The State Grid Corporation of China (SGCC), the largest utility in the world, is deploying a programmable and agile optical network using Nokia’s IP.

The deployment should allow SGCC to expand network coverage to more power stations and business offices, while increasing capacity and flexibility. The deployment covers new deployments in Hebei, Hunan provinces and Chongqing municipality, as well as expansions in ten other provinces, including Jibei, Jiangsu and Sichuan.

SGCC supplies electrical power to more than 1.1 billion people across 26 provinces, covering 88% of Chinese national territory. To cater to the increased mission-critical traffic requirements, and to future proof the network, SGCC is upgrading the communications infrastructure to monitor and control the largest utility grid in the world, producing and transferring massive amounts of data across long distances.

The deployment uses Finland-based Nokia’s WaveFabric optical offering to deliver an agile and future-proof network that is reliable for critical and non-critical services, including operator assistance and support for businesses and multi-media services. It also provides the provincial backbone with bandwidth to connect high-voltage power stations and substations along the electrical power transmission line.

Compared with traditional communications using wire cables, optical networks provide a more reliable, faster and higher bandwidth network for data transmission. Reliable and resilient networks will allow for real-time decision-making and enhance operational productivity, which is key in an industry where outage management is a top priority and concern.

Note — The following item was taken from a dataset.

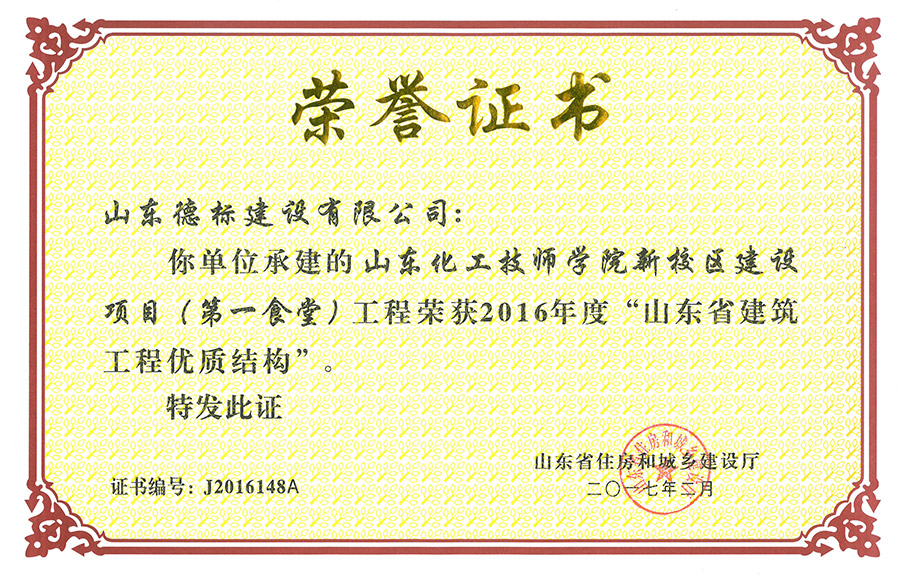 2016年度山東省建筑工程優(yōu)質結構-山東化工技師學院第一···

The optical network can be upgraded to higher capacity and reliability, and is ready for smooth TDM (time-division multiplexing) and packet evolution to protect network investment.

With the Nokia 1830 PSS photonic service switch for WDM (wavelength-division multiplexing) and OTN (optical transport network), the SGCC regional backbone can be optimised for high capacity, multi-service support, and resilience, and ready for OTN extensions in the future.

Improved and efficient control of operations via an application management tool enables access control, real-time performance monitoring, intuitive alarm display, more customised reporting, efficiency improvement and a local language user interface.

“This expanded partnership with SGCC is a milestone for Nokia’s optical portfolio,” said Markus Borchert, president of Nokia in China. “Data-driven insights are key to SGCC’s overall digital transformation as it looks to deliver safe, reliable electricity for more than one billion people. We are proud to be playing a major role in developing this highly reliable transport network that will evolve how critical and non-critical grid communications are delivered.”